Retirement
A short-term fix: Lack of strategy behind super withdrawals
A large proportion of Australians who have withdrawn their super early as a result of financial hardship have not even stopped to consider how it will impact their savings at retirement.
A short-term fix: Lack of strategy behind super withdrawals
A large proportion of Australians who have withdrawn their super early as a result of financial hardship have not even stopped to consider how it will impact their savings at retirement.
Joint research from the ARC Centre of Excellence in Population Ageing Research (CEPAR) and super fund Cbus has discovered that the urgent short-term need for funds has driven the majority of decisions by Australians to withdraw some or all of their superannuation savings without much thought to the impact it would have on their future superannuation outcomes.
Just recently, nestegg reported that Australians have now collectively taken $33.3 billion from the superannuation savings pool since the early access to super scheme was announced by the Morrison government back in March.
To undertake the research, more than 3,000 Cbus members were surveyed who had withdrawn some or all of their superannuation savings in the first phase of the scheme, between April and June 2020.
According to the analysis, most respondents withdrew the upper limit: $10,000.

Seven in 10 respondents (70 per cent) took the $10,000 and had a balance of more than $1,000 remaining after the event.
A further 25 per cent of surveyed members “withdrew almost their entire account balance”.
“Immediate financial need” was the most common reason for accessing superannuation savings, with 59 per cent of respondents attributing this as the main factor.
Concerns for future expenditures was the second most commonly cited reason for participation in the scheme, at 27 per cent.
Around half of respondents reported spending a week or less thinking before they decided if they would apply for early release.
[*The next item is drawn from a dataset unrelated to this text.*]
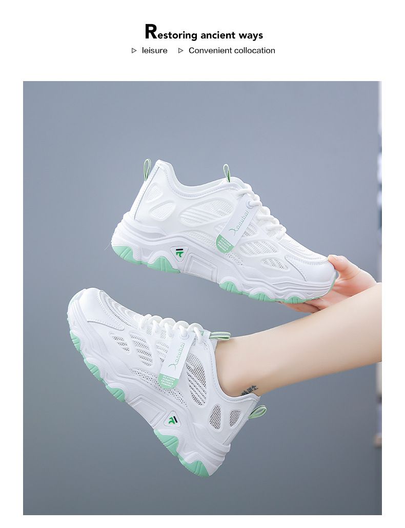 【親膚柔軟,透氣吸汗!】韓版女士毛毛蟲老爹鞋【白綠色】+【白灰色】各一雙(優惠400)

More than a quarter (28 per cent) “either made up their minds immediately or within a day of hearing about the scheme”.
Worryingly, around one-third of respondents indicated they were “unsure of, or unconcerned about, the long-term consequences of their withdrawal”.
In addition, half of surveyed applicants said they had either underestimated, or didn’t estimate at all, the impact of the withdrawal on their superannuation balance at retirement.
According to co-author Hazel Bateman, a professor of economics at the UNSW School of Risk and Actuarial Studies, the findings demonstrate “that many withdrawers either could not or did not evaluate the impact of their decision”.
But the report was able to reveal that members who collected information from Cbus and from other sources, such as news services or social media, were half as likely to decide to withdraw within one day or less than members who used no information.
Those members who had spent longer thinking and consulted more information sources before withdrawing their savings were reported as holding more realistic expectations of impacts on retirement wealth.
“This shows that more attention to information is related to an attempt to assess impact on retirement balances,” Professor Bateman said.